Functional coatings can be also made on the basis of polymerization reactions, e.g., by use of the UV curing technology [21, 22]. The in-line characterization of the resulting polymer layers is a challenging problem due to their low thickness and the high production speeds. However, it was shown in the past, that NIR reflection spectroscopy is able to predict both the coating thickness and the conversion of the varnishes after UV irradiation if qualified chemometric calibration methods are used for quantification [23–26]. Coatings with thicknesses in the range from about 5 to 50 μm were studied. The conversion was predicted for layers based on (meth)acrylates, epoxides and/or vinyl ethers. Moreover, it was shown that conversion and thickness (or coating weight) can be monitored simultaneously either by application of special calibration algorithms [27] or by use of several probe heads [28].
As indicated, the thickness of printed layers is even lower by about an order of magnitude in comparison with those coatings. Nevertheless, we wanted to ascertain if NIR spectroscopy has sufficient sensitivity to track the thickness (and later possibly also the conversion) of such layers at the high printing speeds, which are typically used at a printing press. Definitely, this ambitious aim could only stand a chance for realization by substantial support of the spectroscopic investigations by powerful chemometric data evaluation methods [29]. The final objective of this work was targeted on the in-line monitoring of the thickness of printed layers made from clear varnishes at an offset printing press.
Usually, printing inks and varnishes are complex formulations, which can be based on UV-curable systems, aqueous dispersions, or linseed oils. In a first investigation, we studied the potential of the NIR method to monitor the thickness of layers made from all of these various varnish systems [30]. Moreover, the influence of the substrate on the precision of the predictions was investigated [31]. In the present study, we will focus on conventional oil-based varnishes.
Linseed oil is one of the oldest raw materials in the printing industry, and it is still a prime constituent of printing inks and varnishes. Conventional oil-based printing varnishes contain up to 50 wt.% of linseed oil (or other vegetable oils) as reactive component. Moreover, they contain a resin (e.g., colophony) for film formation, a diluent (e.g., mineral oil), and further additives such as waxes, plasticizers, catalysts for oxidative drying (mostly cobalt compounds), etc. [1]. Linseed oil mainly consists of linolenic acid and linoleic acid. These high-molecular fatty acids dry according to an oxidative mechanism, which finally leads to chemical crosslinking [32–36]. The oxypolymerization reaction proceeds rather slowly in spite of the use of catalysts. However, very fast drying of the printed layers is required for high-speed printing processes since their surface has to be touch dry for further processing (e.g., stacking).

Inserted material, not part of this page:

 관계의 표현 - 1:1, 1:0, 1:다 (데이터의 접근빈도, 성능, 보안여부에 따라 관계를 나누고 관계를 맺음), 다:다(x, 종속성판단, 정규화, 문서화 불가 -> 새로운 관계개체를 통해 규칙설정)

Therefore, the drying induced by the chemical reaction is often combined with an additional drying process resulting from the rapid penetration of the solvent into the paper substrate. Both processes are supported by infrared and hot air dryers at the printing press.
In this study, only transparent varnishes were considered since the thickness of layers of pigmented inks can be determined by established densitometric methods. However, the influence of the surface properties of the printed layers was studied. Lacquers leading to different gloss levels are widely used in printing technology. However, NIR reflection spectroscopy is not only sensitive to the chemistry of a lacquer coat, but also on its surface structure, which leads to different scattering behavior of the printed layers. Therefore, printing lacquers leading to different gloss levels were included in the investigations in order to involve such effects in the calibration models.
Experimental
Materials and sample preparation
Preparation of calibration samples
Investigations were carried out with 4 commercial offset printing varnishes, which are based on linseed oils. They were kindly provided by Epple Druckfarben AG (Neusäss, Germany). Their formulations were set to achieve different gloss levels (see Table 1). Samples for laboratory investigations were made by printing the varnish on paper (115 g m−2) using a laboratory-scale printing machine (Printability Tester C1; IGT Reprotest, Amsterdam, The Netherlands).

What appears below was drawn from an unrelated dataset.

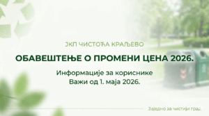 САОПШТЕЊЕ ЈКП “ЧИСТОЋА” КРАЉЕВО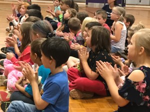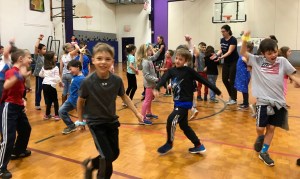 Nearing the gym, through the corridor literally owned and decorated by the K-third grade Central School students in South Berwick, one could already hear the rhythmical claps of a class fully engaged in old-time dancing. Recently I paid a visit to Kate Smith’s music program, where the whole school was treated to a residency with Maine Arts Commission Teaching Artists Hunt and Allison Smith, who played and taught old English, Irish and even Russian dances throughout the  week.

After drying, the gloss of samples made from the various lacquers was determined with a reflectometer (micro-TRI-gloss; BYK-Gardener, Geretsried, Germany). At first, the gloss of all samples was measured at an angle of 60°, which was followed by measurement at different angles according to the different degrees of gloss. Measurements were carried out on samples with a coating weight of 2.5 g m−2. Results are summarized in Table 1.

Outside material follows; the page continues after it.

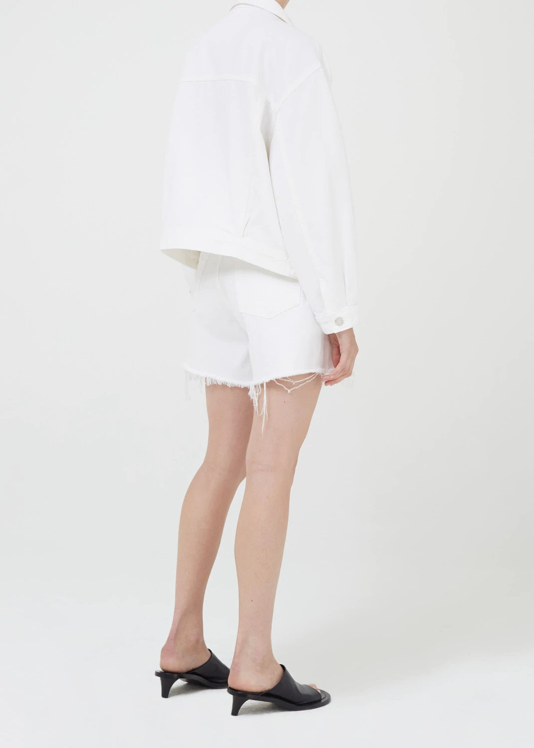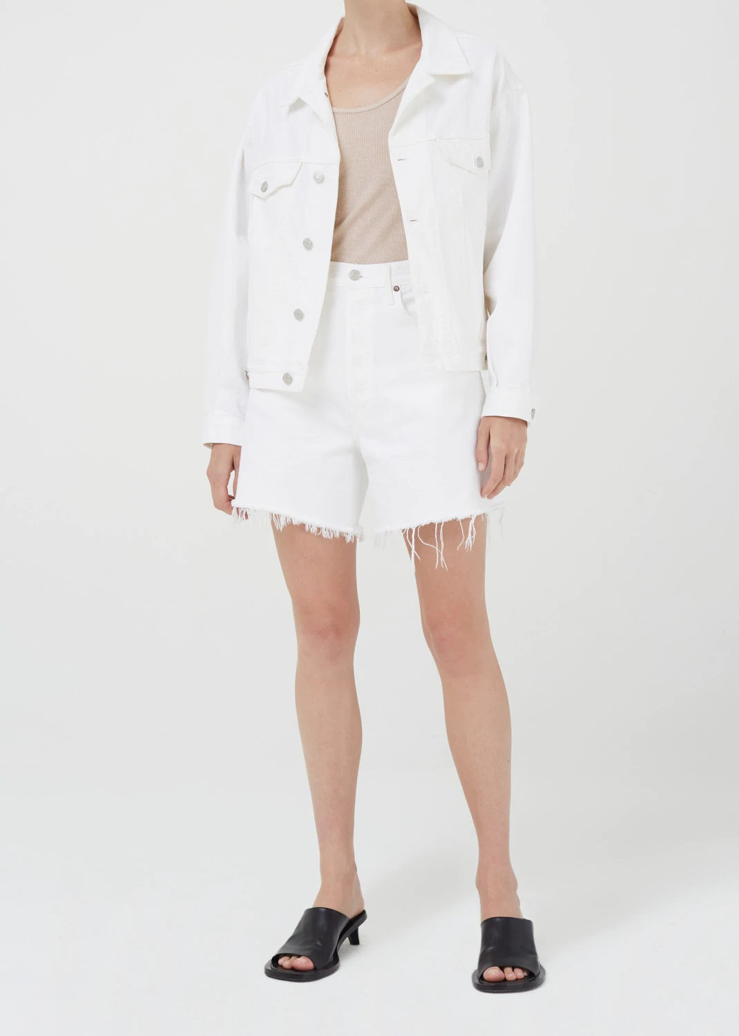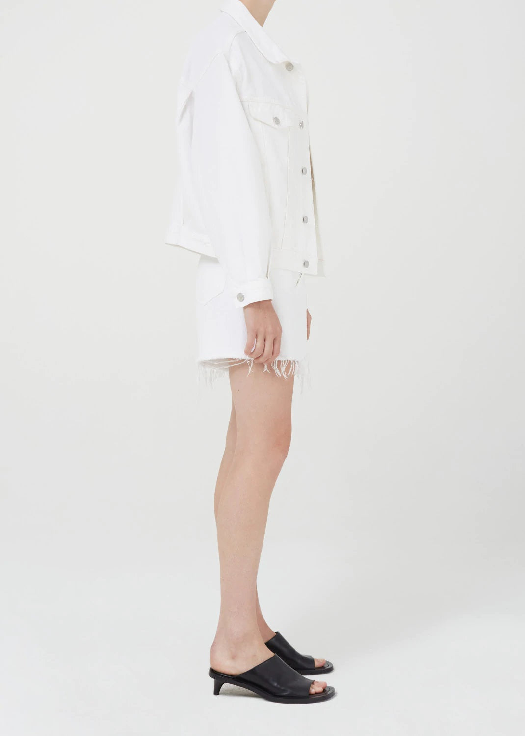 This oversized jacket from AGoldE is the modern update on the denim jacket while still honoring the classic details. Crafted from organic non-stretch denim in off-white, this jacket features a dropped shoulder, slouchy silhouette, chest button-flap pockets, front welt pockets and classic one-button cuffs. Lightweight and versatile, it’ll quickly become your go-to for laidback, casual days

Printing trials at an offset printing press
In-line monitoring trials were carried out at a sheet fed offset printing press (Speedmaster CD 74, Heidelberger Druckmaschinen AG, Heidelberg, Germany), which comprises five printing units for color offset printing and a special coating unit for the application of varnishes. The press is equipped with UV, infrared, and hot air dryers, which are mounted in the delivery system.
The printing varnishes were printed on the same glossy coated paper, which was also used for calibration. For viscosity reasons, they were applied at a printing unit. Samples with different coating weights were generated by systematic variation of the operating parameters of the printing press, i.e., the setting of the ink blades and the printing speed. The latter was set to 6,000 or 12,000 sheets h−1 corresponding to about 90 or 180 m min−1, respectively.
Analytical methods
NIR reflection spectroscopy
A process spectrometer Kusta 4004 P (LLA Instruments, Berlin, Germany) was used, which is based on a concave holographic grating and an InGaAs photodiode array detector. The detector with 256 elements covers a spectral region from 1,470 to 1,950 nm. A tungsten halogen lamp, which is mounted in the probe head, serves as light source. The probe head is linked to the spectrometer unit by a fiber-optic cable. Spectra were taken in the reflection mode. The spectrometer is described in more detail in ref. [37].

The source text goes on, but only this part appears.